This time a sense of exasperation is palpable. Irrespective of their personal political preferences, Indians across the country want to see Prime Minister Narendra Modi to take visible, punitive action against Pakistan, imposing severe material costs for its deeds.
Modi's assurance, that "those behind this despicable attack will not go unpunished", has not served to assuage feelings or stop them from boiling over.
Some of the harshest and caustic criticism of Modi's meandering Pakistan policy and failure to inflict punishment has emanated from his staunchest supporters.
A cartoon by the popular newspaper cartoonist Manjul, who is known to weigh in after considerable rumination, shows Modi blowing smoke rings at Pakistan through the barrel of a field gun.
Others have been less charitable in lampooning Modi the Strong Man with a 56-inch chest.
Quick and smart "Googling" has resulted in a spate of social media posts that highlight the similarities between what Modi and his predecessor Manmohan Singh had to say after cross-border terrorist attacks emanating from Pakistan.

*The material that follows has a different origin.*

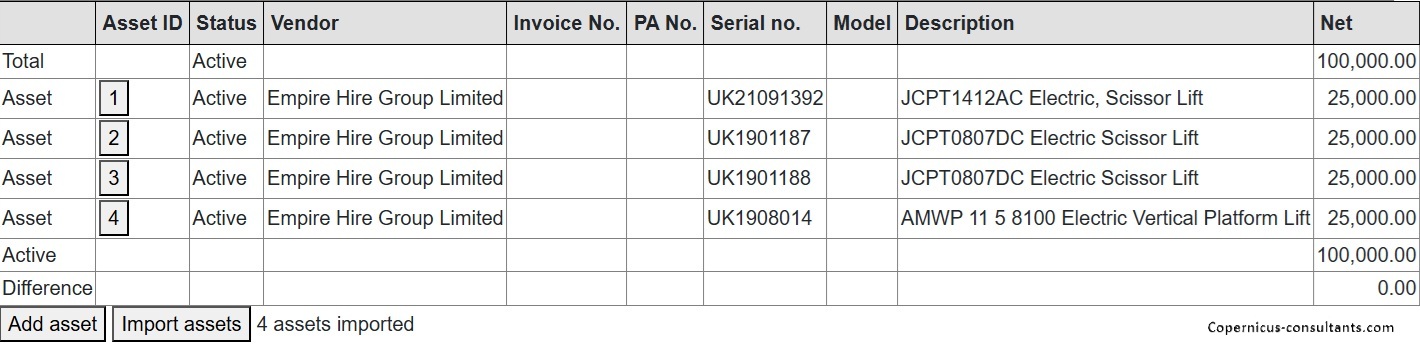 Unlimited number of contracts each with any number of assets. Assets can be transferred from one contract to another and also into stock for refurbishment before sale or onward lease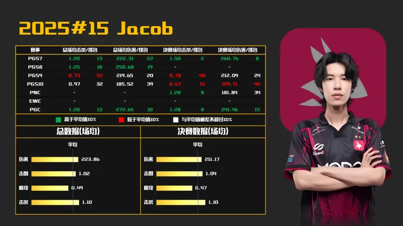 Jacob的總場均擊殺為1.10(#23),決賽場均擊殺1.06(#17),PGS7決賽是Jacob今年表現最佳的賽事,場均擊殺1.50(#2),場均傷害260.76(#8),他在PNC和PGC上同樣也有不錯的表現,場均擊殺都為1.28(#8)。

Modi has promised to "punish" the perpetrators; Singh had promised to "go after" them. The findings of the annual political survey conducted by the American organisation, PEW, whose publication coincided with the attack at Uri, shows there is more to the outrage than mere passing reaction to an incident, that these are not enraged sentiments that will fail the test of time.
Modi's popularity ratings remain phenomenally sky high more than two years into his five-year term.
There is sufficient endorsement of his economic policies to persist with them with suitable midcourse corrections. At the moment, there is no challenger to the "masnad" of Delhi.
The finding that stands out in stark contrast to the others and bruises the prime minister's image, especially within his core constituency, is the extremely low support for Modi's approach in dealing with Pakistan.
|Narendra Modi's birthday diplomacy. (Photo credit: Reuters)|
The PEW poll was conducted long before Pakistan's latest transgression. An instant poll today would yield near zero support and possibly lower overall endorsement of Modi.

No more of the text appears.